Casper Schaeffer is just returning.
Elizabeth: She doesn't look like company.
Catherine: No? (They move towards the door.)
Casper: (From outside.) Mind the horses.
A Male Voice: Yes, sir!
(The girls move back as he enters.)
Casper Schaeffer is sixty-six years old, a large, bearded robust man. His take-charge blustery personality is somewhat intimidating to some people, but he is basically a kind man, but very stubborn. His dress is that of gentlemen of the era, full coat, tricorn hat and boots. He is somewhat dusty from his trip.
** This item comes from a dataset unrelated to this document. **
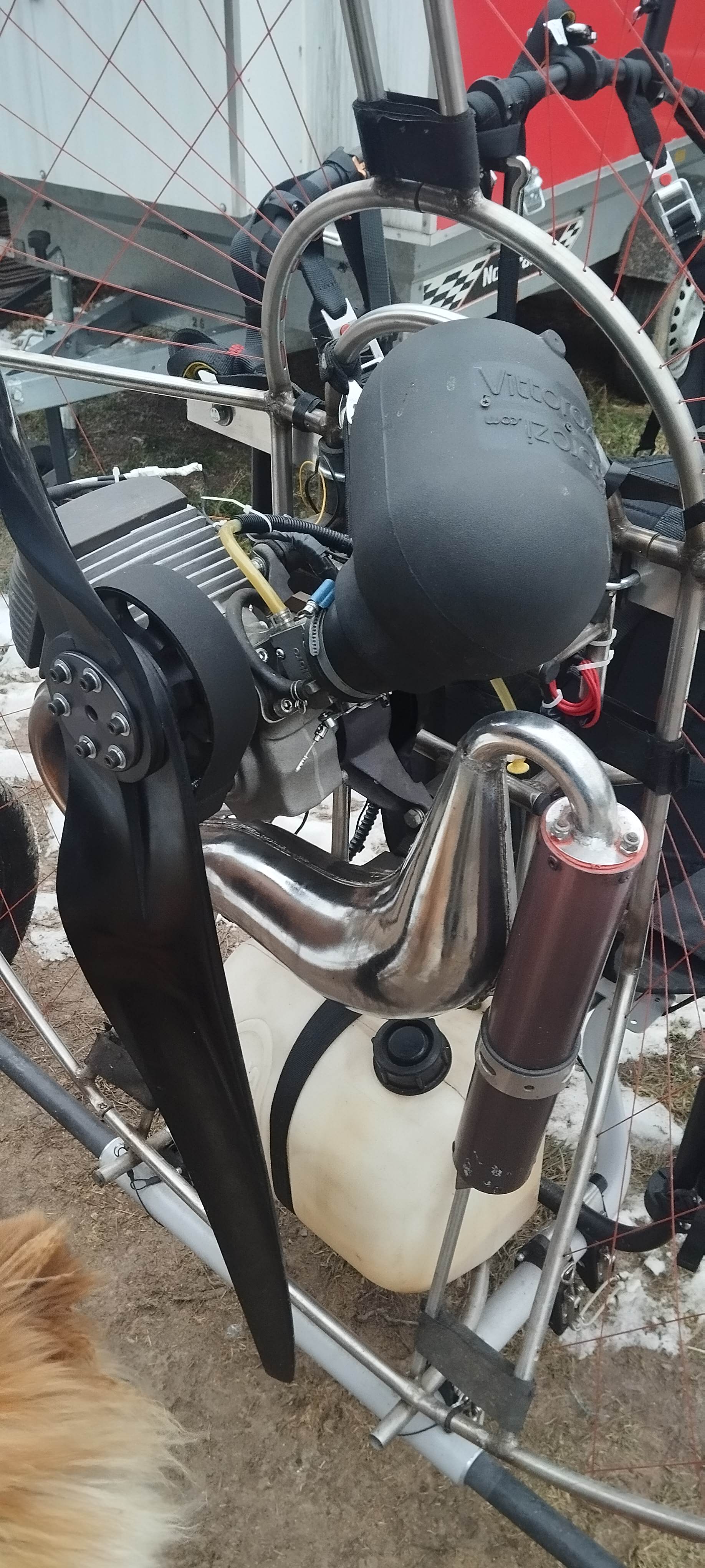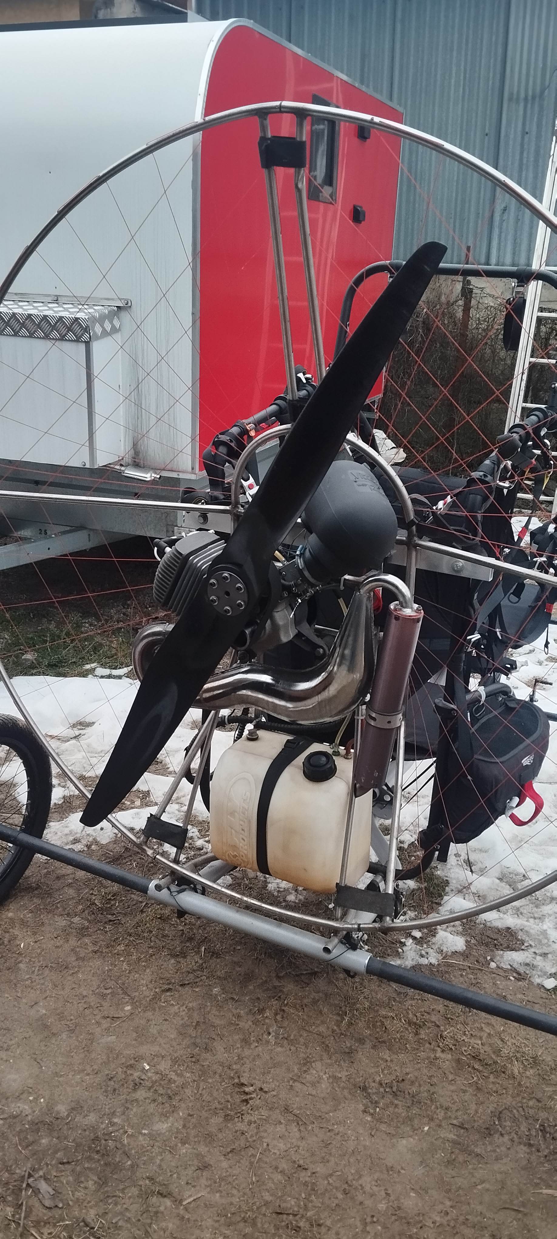 Hello, I will sell a Jenifer Vittorazi Moster 185 titanium bike without a chassis (tricycle).. upper suspension with fixed rams. year 2018.. mileage 100MTH .. engine is at 110% !!! No 100. it is possible to sell only a separate engine with throttle (handle) and propeller for €1500. the best engine on the market, performance ratio and size. super availability with parts from scoutparamotor. availability within three days. I used it for solo flying and currently it is mounted on a tandem tricycle I was driving my children... Not tuned to full revs.. I did the engine myself. new org Walbro diaphragms (€40) no replacement. new silent blocks, completely new gaskets installed. under carburetor, head, cylinder. Decarbonized, precision-cleaned decompression ducts. new starter, new cotton wool in the damper, new neck for the filter box. 125 cm helix propeller. 132 cm scout propeller can be added for an additional fee of €250. the propeller is new.

Casper: I’m here! I’m here!
Catherine: We see.
Casper: (Giving them all a big hug, each in turn.) Did you miss me?
(All murmur affirmatively, while trying to look at the girl who remains outside.)
Anna: (Still very excited.) Oh, yes, Grandpa! Lady Loop and I both said a prayer for you, every night . . . to God!
Casper: That’s the best kind of prayer!
Catherine: (Peering around him.) Aren’t you going to introduce us to your friend?
Casper: Oh, ya! She’s my surprise!
Catherine: That she is.
Casper: (To Catherine.) She’s my present . . . to you!
Catherine: I think . . . I think I’d rather had a dress . . .
(They step back into the room as he calls.)
Casper: Pauline! Come here!
(He beckons, and repeats, more sternly.)
Anna: I’ll bet she’s afraid of you.
Catherine: Nearly everyone is.
(Pauline enters, very hesitantly. She is in her early twenties and very pretty, beneath a layer of grime and dirt. Dressed in a very plain cloth dress, she is mud spattered and wet. Her hair is plastered to her face and she is frightened to death.)
Casper: (Presenting her.) This is Pauline.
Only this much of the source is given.